プロジェクトは今後、ティラピアの養殖や効率的な流通経路の開拓、干物や燻製といった水産加工など、水産業の振興も支援していく。水産局のウィリアム・ナビティ局長代理は、「単なる物資供与ではなく、時間をかけて住民たちの意識改革を進めてくれたこのプロジェクトには感銘を受けました。我々は昨年末、新たな漁業政策を策定し、そこに住民主体の資源管理の普及を盛り込みました。これは、プロジェクトが終わっても我々が活動を継続していくという決意を示しています」と語った。

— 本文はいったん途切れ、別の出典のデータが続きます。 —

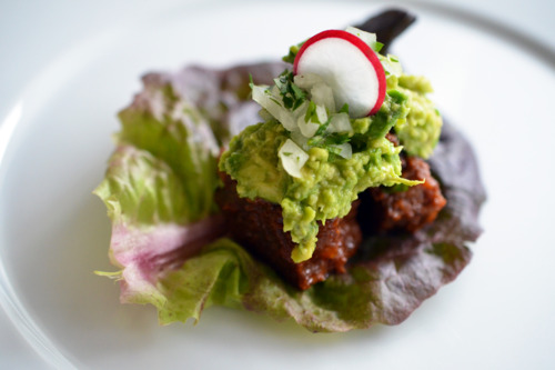 Assemble your own tacos with lettuce leaves, guacamole, diced onions, and cilantro.

もう一人、このプロジェクトに大きな影響を受けた人物がいる。MALFFBのベンジャミン・シン次官だ。シン次官は昨年、2030年までの国家開発計画「バヌアツ2030」の策定に携わり、この計画の柱を経済、環境、社会の3つにすることを提案した。「これまでバヌアツ政府は、増税で財政を増やすというような経済だけを見た開発計画を立てていました。環境の改善や人々の生活および社会の向上が国を発展させるという視点が欠けていたのです。私はプロジェクトを通してこの視点を学び、国全体の開発計画に生かしたいと思ったのです」と教えてくれた。

日本の意思を受け継ぎ、自らの手で自然との共生の道を探り始めたバヌアツ。彼らの経験には、隣国のソロモン諸島も注目しており、現在、新たなプロジェクトの形成に向け現地調査が行われている。大洋州の海に広がり始めた住民主体の資源管理を、日本はこれからも見守っていく。